Pilot is saddened to learn that Wg Cdr Kenneth Wallis MBE, DEng (hc), CEng, FRAeS, FSETP, PhD (hc), RAF (Ret’d) passed away on 1 September, aged 97.

Wg Cdr Wallis had a life-long passion for aviation. After making his first solo flight at Cambridge in 1937 in a de Havilland Gipsy Moth, Wallis flew Westland Lysanders and completed 24 wartime missions over Northern Europe in Vickers Wellington bombers, despite having poor sight in one eye.

He then spent twenty years as a scientist and pilot engaged in armament and weapon research. His activities included examining and testing captured enemy armament, creating the optimum bombing-up procedures for the English-Electric Canberra; Britain’s first jet bomber. He also tested weapons for the Mach 2 fighter later known as the Lightning.

Upon leaving the RAF in 1964, he turned his attention to autogyros and has been credited with creating a motor head design that mitigated their tendency to enter a steep climb if flown too quickly, risking their rotors cutting off their own tails. Famously he created autogyro ‘Little Nellie’, which he then flew as Sean Connery’s stunt double in ‘You Only Live Twice’.

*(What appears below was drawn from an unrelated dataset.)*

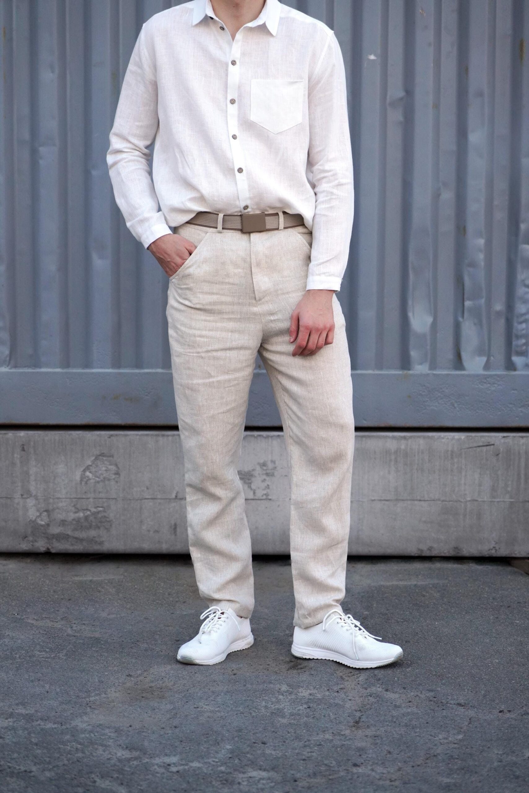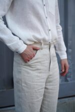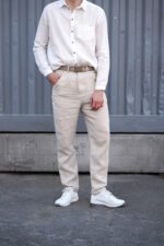 Straight-fit pants are made from 100% Linen and available in various colors.

Between 1968 and 2002 he set 34 world records, many of which he still held at the time of his passing. Among those still standing is the 3km speed world record for autogyros which, in 2001, he set at 207.7 kph.

The Wallis family’s interests in aviation date back to 1908, when Ken’s father and uncle decided to build a flying machine at their home in Cambridge. The ‘Wallbro Monoplane’ flew in 1910, used steel tube construction and was fitted with ailerons, well in advance of its wing-warped contemporaries. In 1973, Ken and his cousin Geoffrey began to create a flying replica, which was flown by Ken in 1978.

Among his other inventions were a 16mm camera, created in 1945 with capacity for 100 shots on a length of cine film. It could be worn as a wristwatch as it was only 2½ inches long. Ken also devised the world’s first electric slot-car race track. According to biographer Ian Hancock, the track was built in 1942, using the air-raid black-out boards of his Nissen hut. The cars, which had front wheel steering, ultimately used motors from an electro-mechanical navigation and bomb-aiming computer extracted from a German Arado 234 bomber.

Last year, Wg Cdr Wallis received lifetime achievement awards from both the Royal Aero Club and the Guild of Air Pilots and Air Navigators; he was still flying in his 75th year as a pilot.

Speaking in tribute, His Honour Judge Tudor Wyn Owen QC, the Master of the Guild of Air Pilots and Air Navigators said: “Wg Cdr Wallis will be remembered for his ingenuity, energy and perseverance over a lifelong involvement in aviation, and for his charming personality.”